Patients in services allocated to the control group received the SCC service in accord with the existing local policies and practices. After randomization, the control group SCCs were asked to complete time logs for all patients documenting the number and duration of contacts, and the time spent coordinating actions, note writing, and discussing the patient in multidisciplinary team meetings if these took place.
The SCC services allocated to the intervention group provided care according to the LoTS care system of care. This comprises a framework of 16 structured assessment questions (linked to evidence-based treatment algorithms and reference guides) that directly relate to longer-term stroke problems previously identified by patients with stroke and their carers13,14 and related prompts provided in a care plan. The care plan also includes a goal and action planner to be completed after each contact (patients and carers). This system of care was supported by a training program and detailed manual, underpinned by a problem-solving approach (Table 1; details are provided in the online-only Data Supplement). The number of contacts was not specified but determined by the SCCs’ usual practice and patient need. The key principles being that all assessment questions were asked and that goals and action plans were identified and reviewed with service responses being provided as appropriate within the context of the services available and the patient’s own environment.15
Recruitment was opened 4 to 6 months after the initial training meeting, providing sufficient time for the implementation of the system of care into standard practice. Compliance with the intervention was predefined by the trial team as including at least 12 (75%) of the 16 assessment areas recorded as discussed on the care plan during the first patient contact.
The trial used existing SCC referral pathways as determined during site set-up. The majority of patients were referred to an SCC service through a predischarge inpatient referral. Recruitment of trial participants was by independent research staff blinded as to whether they were recruiting within a control or an intervention service, and the SCCs were unaware which of their patients had consented to participate. This trial design reduced the potential for selection bias from differential recruitment16 inherent if the SCCs were responsible for patient identification and minimized likelihood of altering of SCCs’ clinical activity for trial participants.

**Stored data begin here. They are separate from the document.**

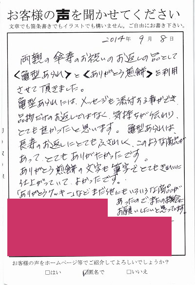 両親の傘寿のお祝のお返しの品として亀形あられとありがとう煎餅を利用させていただきました。亀形あられにはメッセージも添付することができ、品物だけのお返しではなく気持ちが伝わり、とても良かったと思います。亀形あられは、長寿のお返しにとてもふさわしく、このような商品があってとてもありがたかったです。ありがとう煎餅も文字も筆字でとてもきれいに仕上がっていて、よかったです。「ありがとうクッキー」などまだ他にもいろいろな商品があったのでまたの機会にお願いしたいと思っています。
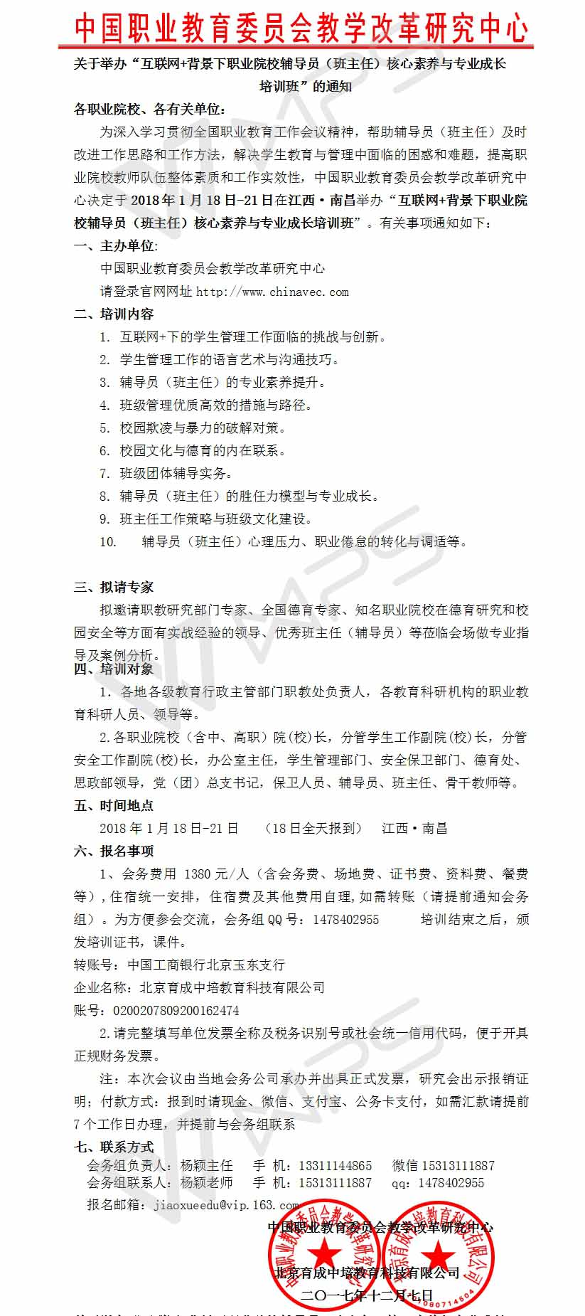 2018年1月18日南昌关于举办“互联网+背景下职业院校辅导员(班主任)核心素养与专业成长培训班”的通知
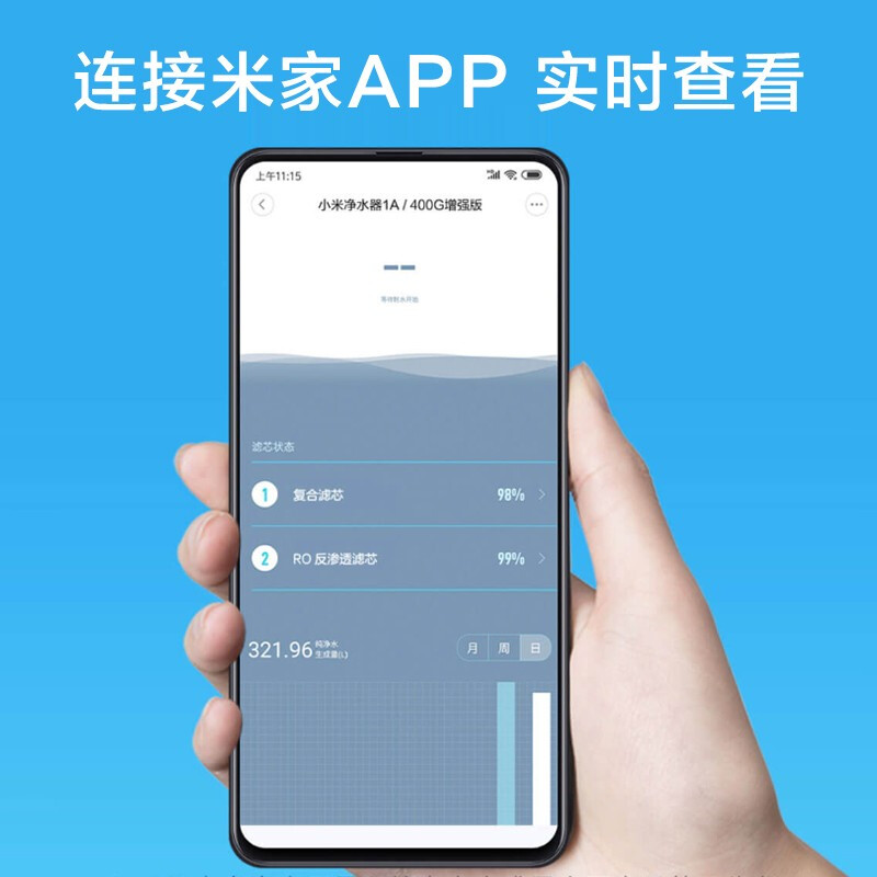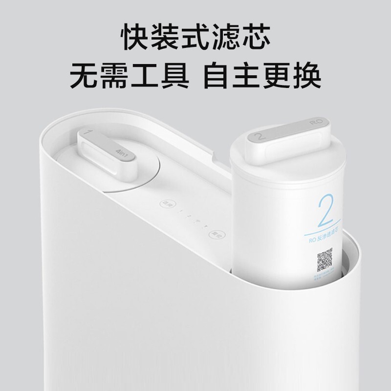小米净水器400G增强版于2020年6月推出,和最早推出的厨下式400G净水器相比,机身更为纤薄,整机厚度为12.7cm;2芯5级过滤结构,第1级用来去除泥沙、浑浊物、铁锈等,第2级为前置活性炭棒,用来吸附余氯、异色、异味等,第3级为阻垢剂,用来抑制水垢凝结,第4级为RO反渗透滤芯,第5级为后置炭棒滤芯;根据官方数据,4合1增强复合滤芯1年更换1次;其它核心参数方面,净水流量1L/min,额定总净水量3600L。
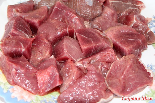 Для начала прикупила говядинки такой нарядной. Порезала средними кусочками
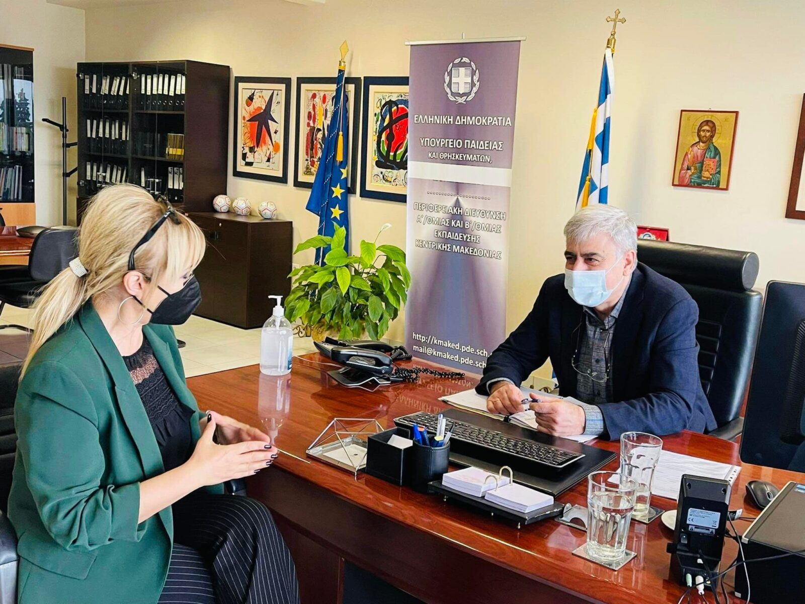 Τη Δευτέρα, 18 Απριλίου 2022, η Αντιπεριφερειάρχης Πιερίας, κα Σοφία Μαυρίδου, συναντήθηκε με τον Περιφερειακό Διευθυντή Πρωτοβάθμιας και Δευτεροβάθμιας Εκπαίδευσης Κεντρικής Μακεδονίας, κο Θωμά Μπαχαράκη στο γραφείο του.
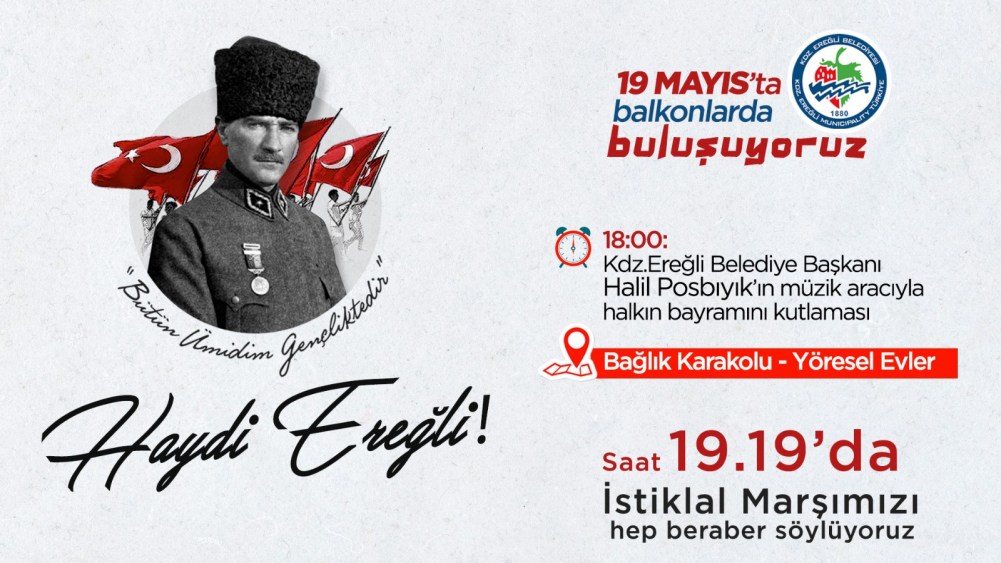 Kdz. Ereğli Belediye Başkanı Halil Posbıyık, 19 Mayıs Atatürk’ü Anma, Gençlik ve Spor Bayramı’nda müzik aracı üzerinden halkın bayramını kutlayacak. Saat 19.19’da balkonlarından ve pencerelerinden halkın katılımıyla hep birlikte İstiklal Marşı okunacak. Belediye hoparlörlerinden İstiklal Marşı tüm Ereğli’de yankılanacak.
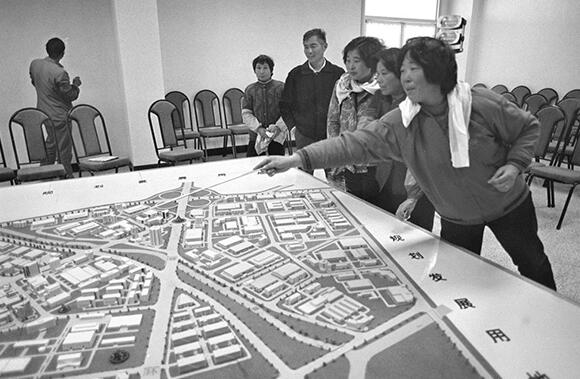 1993年1月,居民在看金橋出口加工區的規劃模型。新華社資料圖
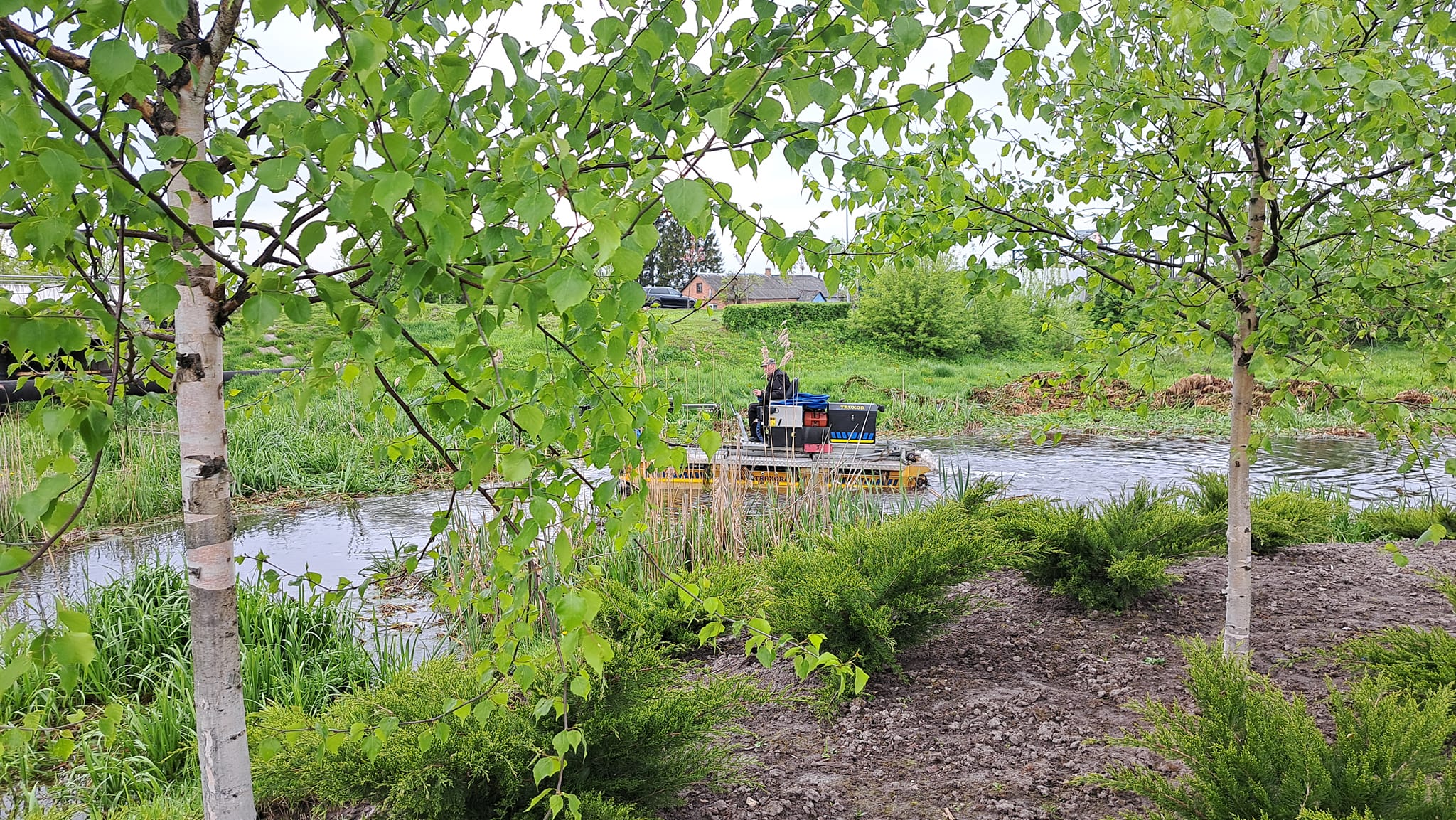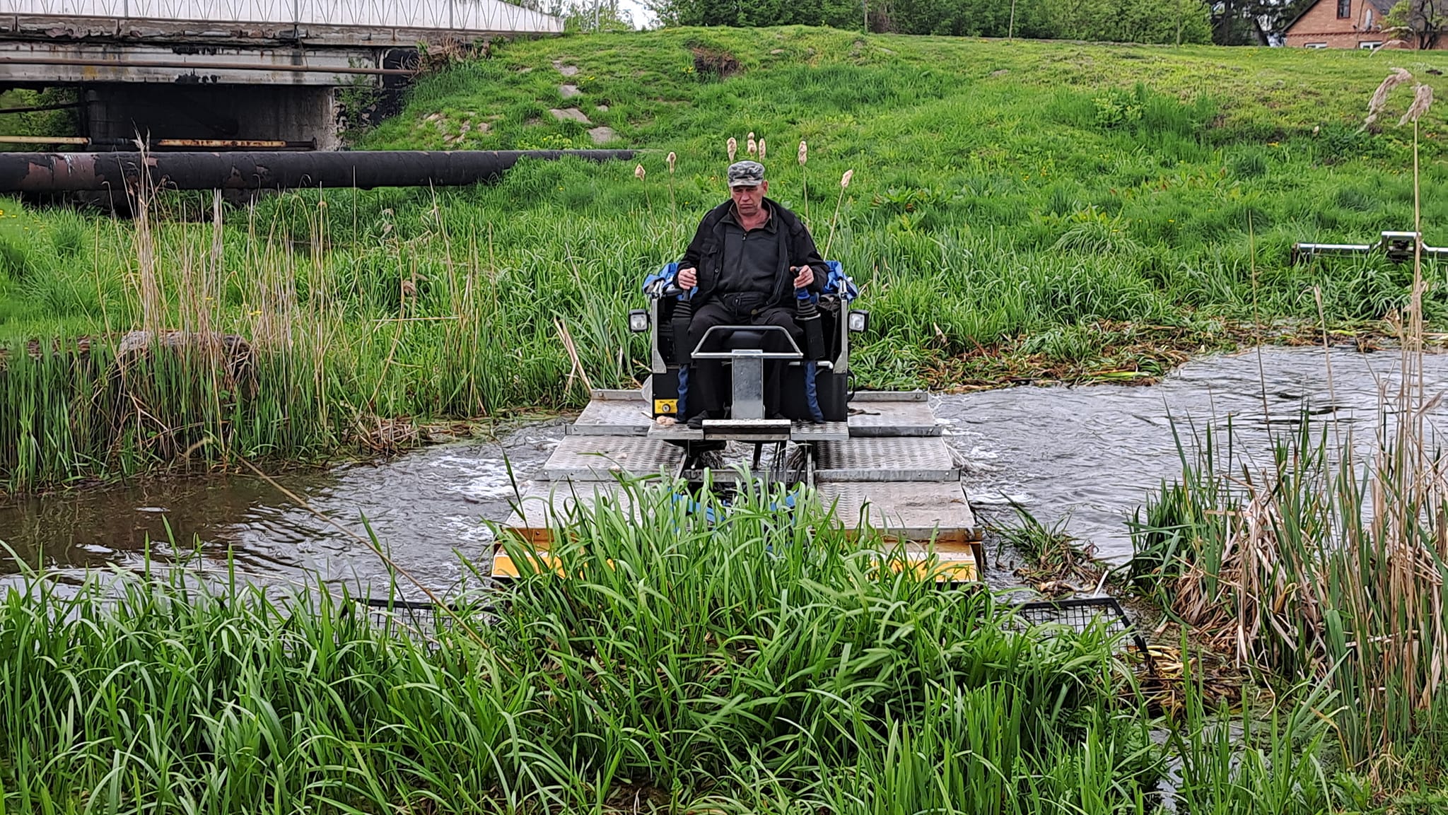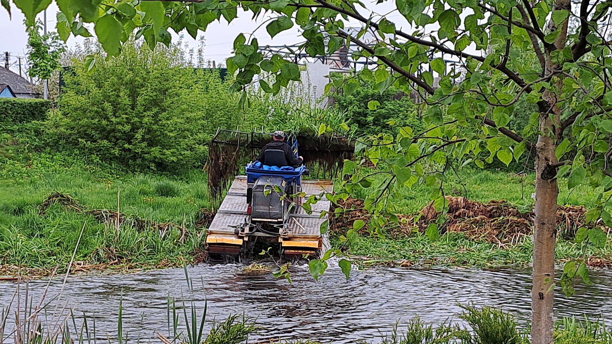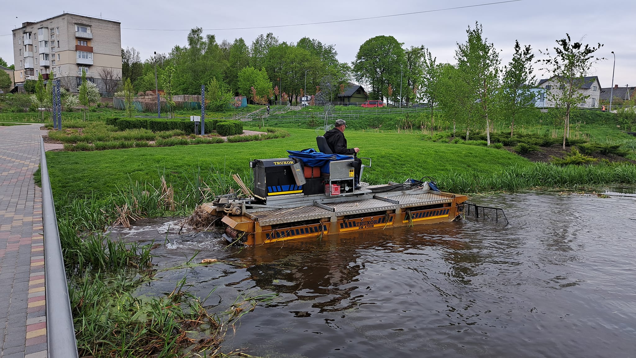 Всі роботи з очищення водойми виконує багатофункціональна машина-амфібія «ТRUXOR», яка оснащена косаркою для скошування очерету та ситом для його збору.

The research staff collected anonymous screening data (demographic data and modified Rankin Scale score17) for all patients referred to a participating SCC. For recruited patients, researchers collected baseline demographic data, including assessment of cognition (6-Item Cognitive Impairment Test),18 language ability, prestroke disability (Barthel index19), and the 6 items that allow calculation of the Edinburgh stroke case mix adjuster.20
Consistent with a patient-centered model of stroke recovery in which adjustment to activity restrictions and participation are regarded as the critical issues, the primary outcome was an assessment of psychological well-being measured by patient reported General Health Questionnaire-12 (GHQ-12)21 at 6 months after recruitment, with a secondary outcome at 12 months (for the GHQ-12 higher scores equate to poorer outcomes). This outcome measure is short and easy to complete, consistent with the high prevalence of psychological symptoms after stroke,13 and that psychological problems become more prevalent with time.22 Other patient reported secondary outcome measures were Frenchay Activities Index (extended activities of daily living),23 Barthel Index (activities of daily living),19 and European Quality of Life-5 Dimensions (health state).24,25 Patients also completed the Longer-term Unmet Needs after Stroke questionnaire (unmet stroke related needs).26 Carer-reported outcomes included GHQ-12 and Carer Burden Scale (assessment of carer burden).27 A Client Service Receipt Inventory (CSRI28,29; use of services prestroke and postdischarge) was completed to inform the economic evaluation. The research staff recorded deaths, emergency outpatient treatment, and hospital admissions at 6 and 12 months post recruitment.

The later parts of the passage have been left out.